Closed therealpurplemana closed 6 months ago
Hi @therealpurplemana, thank you for your interest in our project. Datumaro offers a version control feature, but it requires commits of the project. Alternatively, you could combine all subsets into a single dataset and then re-split them as needed.
Thank you.
Hi, thanks for your great project. I'm using it to export data from cvat.ai, manipulate, and re-export into Tensorflow format.
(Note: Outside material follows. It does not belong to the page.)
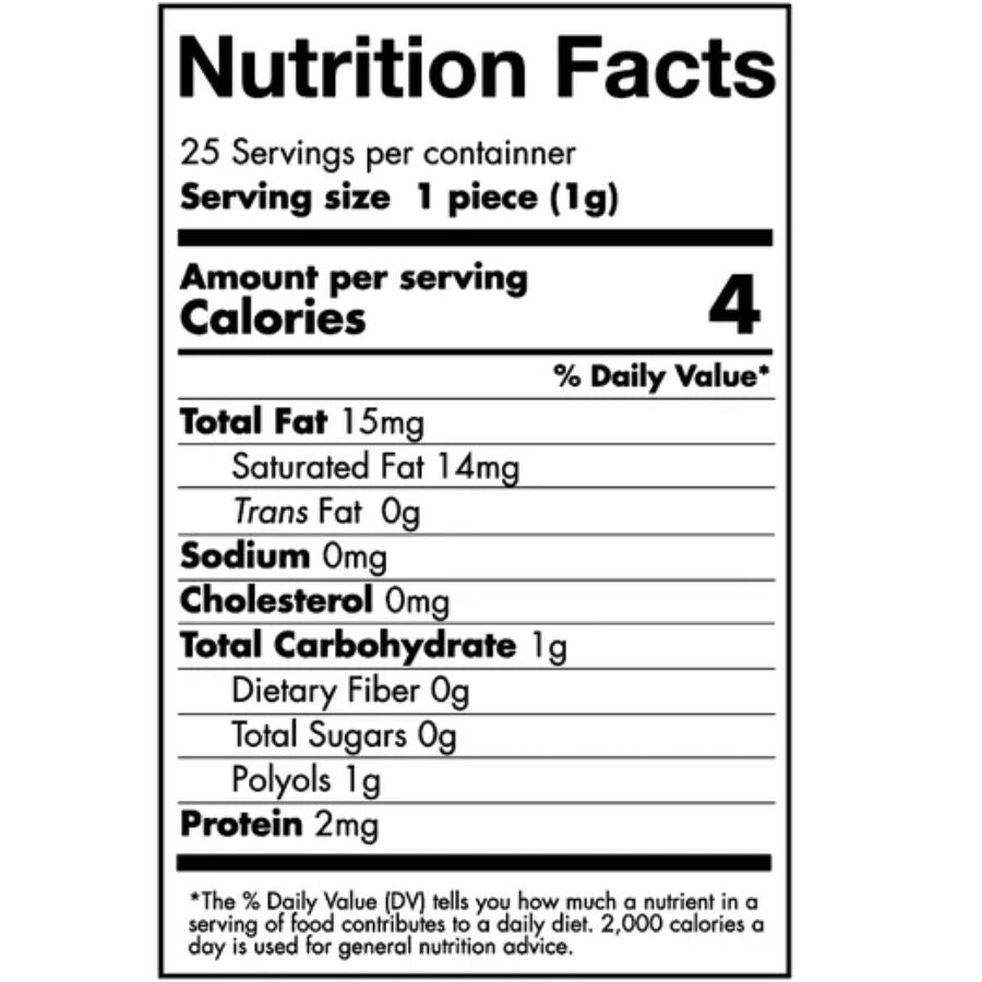 Porzione/Caramella (1 g). Energia per 100 g: 1680 kJ/400 kcal; grassi 1,5 g di cui saturi 1,4 g; carboidrati 97,2 g di cui zuccheri 0 g; polioli 97,2 g; fibre 0,9 g; proteine 0,2 g.

In my specific case, I'm combining homogenius datasets by adding sources to a project which I exported from cvat.ai (so I can prune out incompletely labeled datasets), then I run
!datum transform --project ./tfdata -t split -- -t detection \ --subset train:.7 --subset val:.15 --subset test:.15
After which, I run to export it:
!datum project export -p ./tfdata --format tf_detection_api -o ./final-export-tf_detection_api-detection -- --save-media
(and --save-masks for segmentation export)This produces a new folder with subfolders with /annotations and /images organized into train/test/val.json and respectively in the /images folder nicely packaged as TFRecords. There's also oddly a default.tfrecord but it was pretty small so I just deleted it.
Now, I also need a 20% representative dataset from my original dataset -- how do I "undo" the splits in my project? Or am I thinking about this incorrectly?
Currently, I need to delete the project, recreate it, re-add my sources, re-split into 20/80%, and then export again, and copy over the TFRecord.
Curious if there's an easier way to do this either through CLI or Python.